We spent a lot of time admiring the awesome artwork on all the cards. Most of the art was done by Mat Brinkman, but there’s also about a dozen other artists listed in the game credits. Each time we drew a card we'd show off the intense hellions and abominations at our disposal.

Zack: Insanity Demon. Strength of 12. Combat: Right before a fight, creatures in enemy squad break rank and attack each other withing squad. Remaining creatures fight Insanity Demon. So... that is happening.

Jason: I’m gonna conjure a Blood Boss.

Zack: Blood Boss. Nice. Gotta love the Blood Boss.

Farel: Blood Boss? Ooh boy.

“Oh man Dexterous Decapitator.”

 

"Whoa dude check out this Bat Web. If Bat Web is killed, enemy must fight Bat Web again at double its strength."

 

"Armored Gas."

After an hour or so we started to understand how the game works and we were having fun. We started building up our squads of demons and minions, equipping them with devastating weapons (Hell Hammer, Diamond Shield) and spells.

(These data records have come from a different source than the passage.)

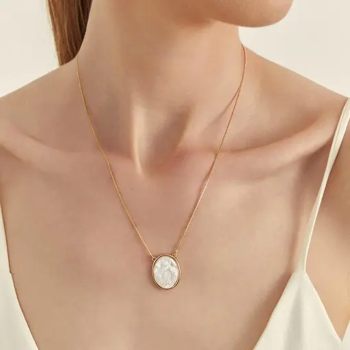3021327 - COLAR COM PINGENTE MADREPÉROLA NOSSA SENHORA BANHADO A OURO
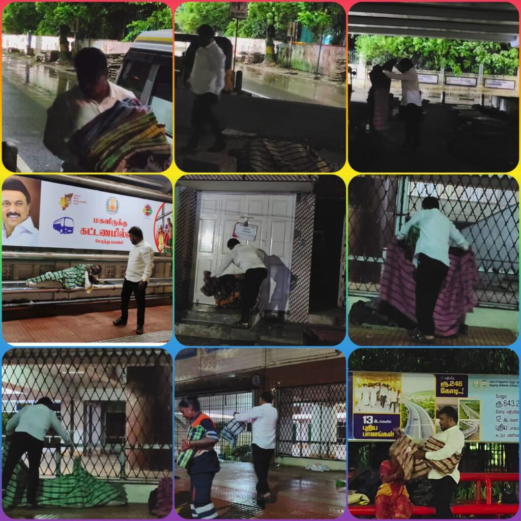 சென்னையில் கொட்டும் மழையில் நள்ளிரவு ஒரு மணியளவில் சாலையோரம் மற்றும் பேருந்து நிலையங்களில் 1)ஜெமினி பாலத்தின் கீழ் மற்றும்
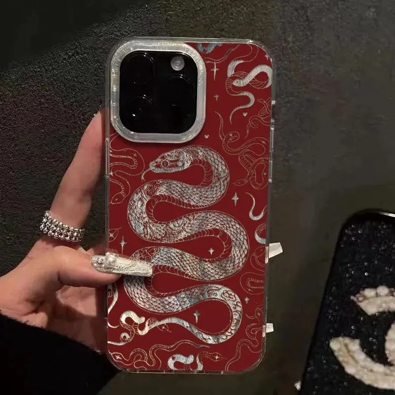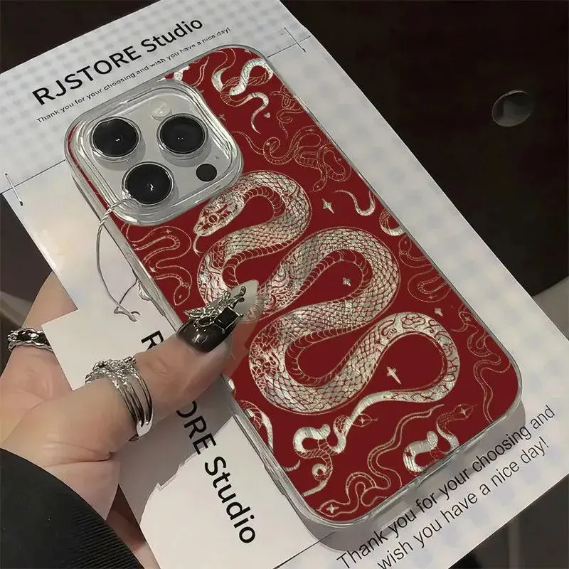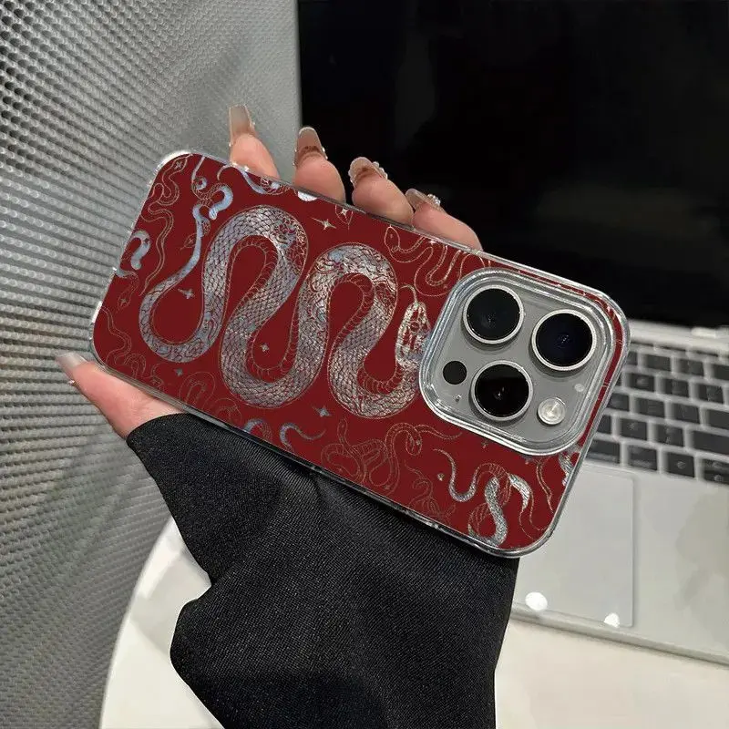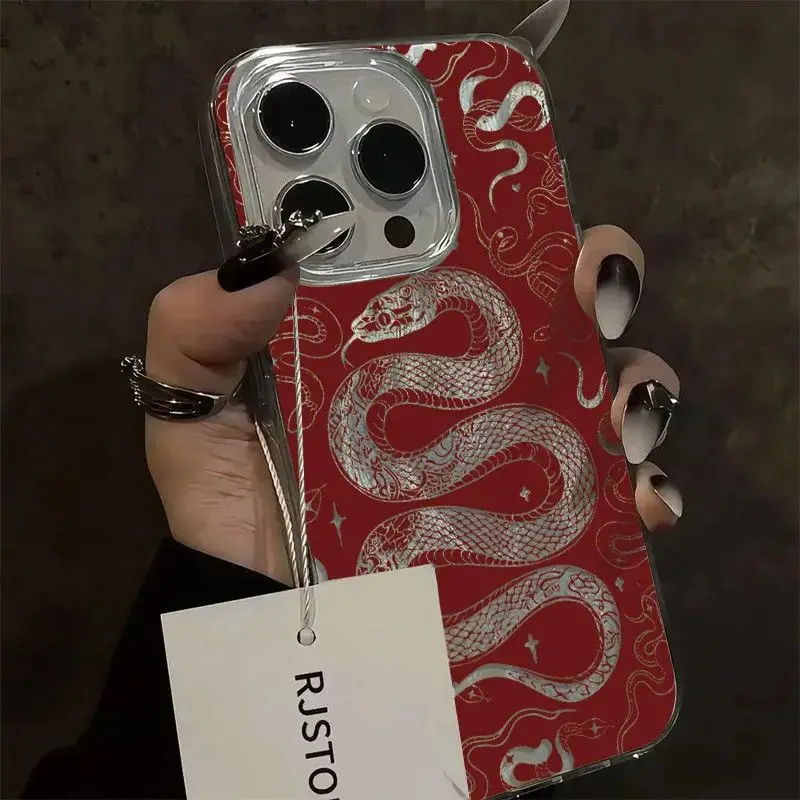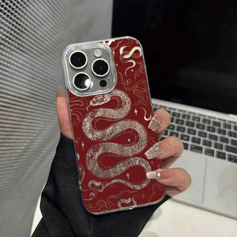 Comprar Funda de teléfono con forma de serpiente y estrella hueca para iPhone 16 15 14 13 12 11 Pro Max X Xs XR XSMax 8 7 6 6s Plus, funda trasera con textura de plumas
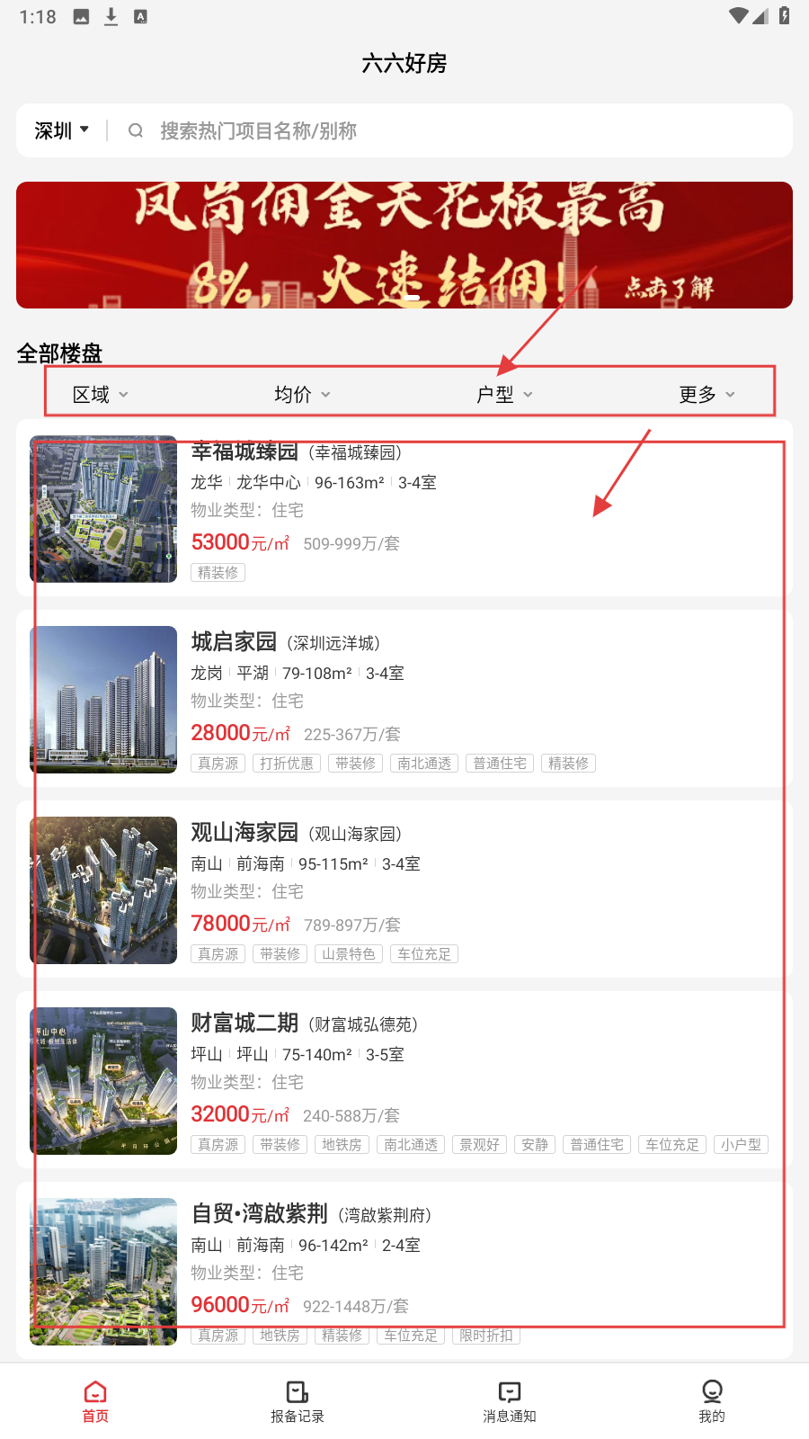 1、在首页用【区域/均价/户型】筛楼盘,选幸福城臻园等心仪房源。

Now we were about halfway through the game. The game has a cool built-in timer that leads to an endgame scenario. Every time you invoke a creature out of gore, metal or shadowflame, you are messing with dark forces from the pit and the Blood Eye token advances one space forward around the board. When it reaches the end of the track, the ultimate evil emerges from the pit and hopefully you're strong enough at that point to deal with it. There's also a halfway point where the Evil Awakening is revealed but hasn't fully woken up yet, so you can adjust your strategies at that point to prepare for the final battle. There are a number of endgame scenarios which are picked at random: Pit of Infinite Shadow, Darkest Evil Bitch, Evil Black Old Goat, Darkest Statue of Death, or Eternal Evil Emperor.

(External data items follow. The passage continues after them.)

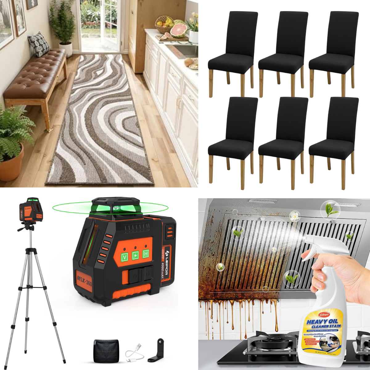 Laser with Tripod $29+ | degreaser spray $6+ | 6 Dining Chair Covers $9+ | Washable Runners from $16+
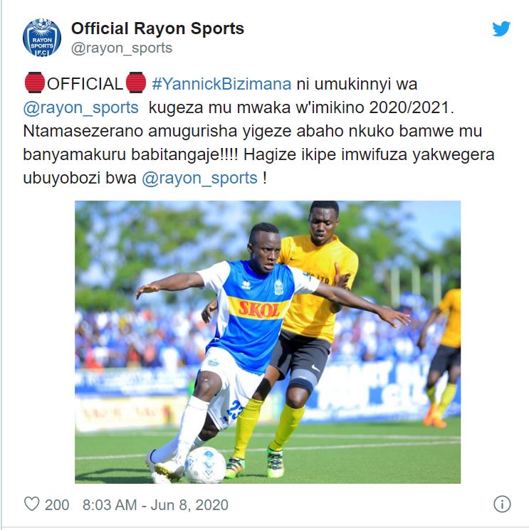 Ibinyujije ku rubuga rwayo rwa Twitter, ikipe ya Rayon Sports yahakanye aya makuru ivuga ko umukinnyi Bizimana Yannick akiri umukinnyi wa Rayon Sports kugeza mu mpera z’umwaka w’imikino wa 2020/2021.
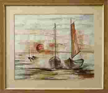 ŁODZIE ŻAGLOWE / akwarela / II poł. XX w. / sygn.
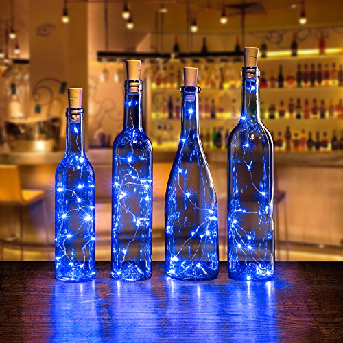 Bottle Lights, 4PCS/SET Cork Shape Lights 75cm/30inch Copper Wire Light Starry Light For Christmas Wedding and Party Halloween Decoration - Blue

We drew the Darkest Evil Bitch:

An Ancient Mother of a million murders, this Serpent Demon is unborn from an egg fertilized by Shadow Lords and delights in using her knowledge of the blackest arts for insidious assaults.

One-by-one she targets each Necromancer squad, starting with the weakest, and combats them. It's basically one on one combat. Your other squads: "are enchanted by the strange and horrific beauty of the Bitch and refuse to fight her."

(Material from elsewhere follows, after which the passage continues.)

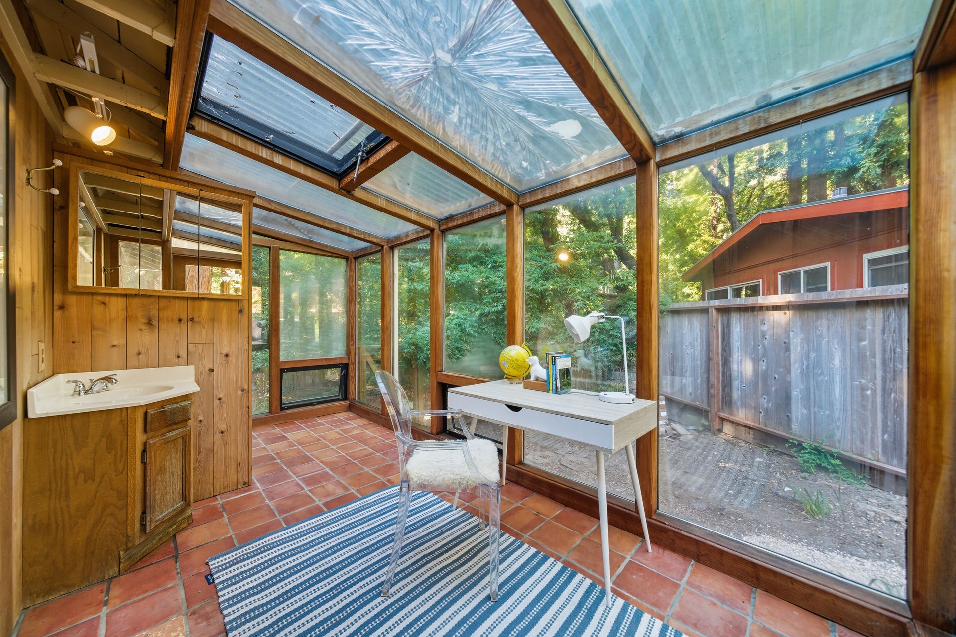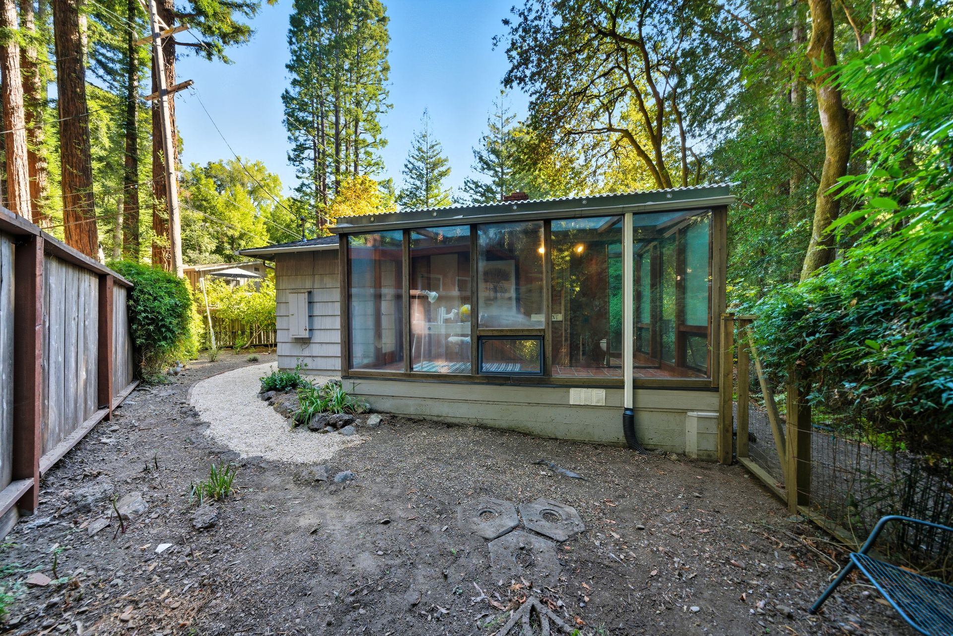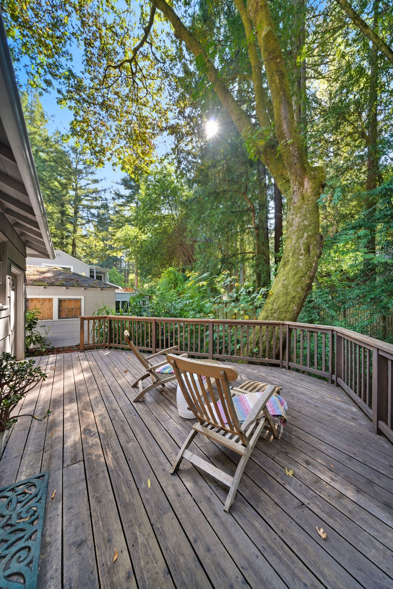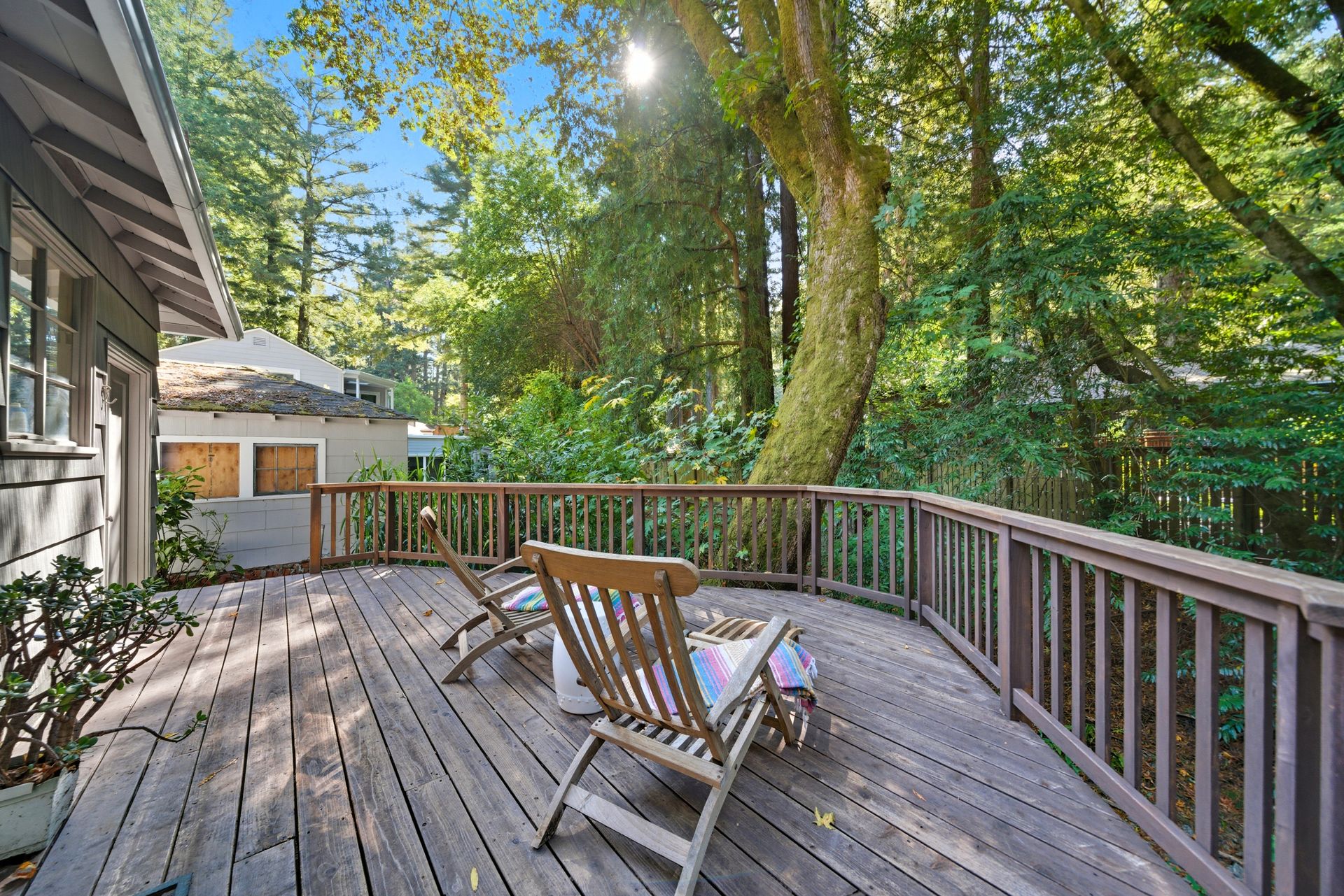 If you've ever wondered how it would feel to live in a gorgeous state park, come see 39 Bridge Road in Larkspur, California. Here inspiring birdsong and gosun break through the towering redwoods throughout the day. This incredibly peaceful single-level home is near the entrance to Baltimore Canyon. A charming front patio and gorgeous citrus trees welcome you home to a front entry and gracious living/dining room with a wood burning fireplace, built-in bookshelves, a large bay window with a cozy window seat, and French doors opening to a deck perched over the beautiful seasonal creek. There's a super attractive and updated eat-in kitchen, two lovely bedrooms, one and one-half baths, and a custom crafted sunroom/office tucked away off the primary bedroom, with its own entrance. There's a one-car garage and space ideal for expansion (check with city.) Larkspur offers residents excellent public schools, world class hiking, great shops and restaurants and a close knit community that gets together for cultural events and celebration. Best of all, you'll awaken every day inspired by the tranquil majesty of redwoods all around you. They are the true kings among us, and living among them is a healthy and beautiful thing. Perry's is also right down the road.

So we got our butts kicked. No one won, everybody died. I think what happened is once the game got real we all focused on building our squads and strength, but we waited to long before attacking other players. We were too timid, afraid to go into battle against our opponents increasingly intimidating squads. In gamer lingo this is known as 'turtling'.

Farel was one of the first to stray far from his lair and one of his squads got annihilated by a wandering demon. I was the first to attack another player. Zack’s Insanity Demon was terrifying to face in close combat, but I had some ranged weapons and destroyed it from a distance. For the next game I think we need to start out more aggressive because it'll actually be faster to gain resources and weapons by simply collecting them from your defeated opponents. I suspect this is the only way to prepare for the Evil Awakening.

I haven't really gone into detail on all the combat mechanics, event cards, excavating new passages in the cave, but I can say all those elements seem really well thought out and tested. Once the game gets going I realized that it feels just like entering a Mat Brinkman comic. You get to be a demonic Necromancer stalking the caverns and catacombs of much darker Multiforce, with endless possibilities and hundreds of characters to encounter. When you're just looking at the box and you haven't experienced the game, I can see some people hesitating at the $70 price tag. But consider what you would pay for a new Mat Brinkman book combined with what you'd pay for a new PS3 game. Also the game itself is limited to 500 copies. I recommend picking one up before it sells out.

Thanks to Tim Goodyear and The Bad Apple for hosting this fine night of gaming. Would Necromance again!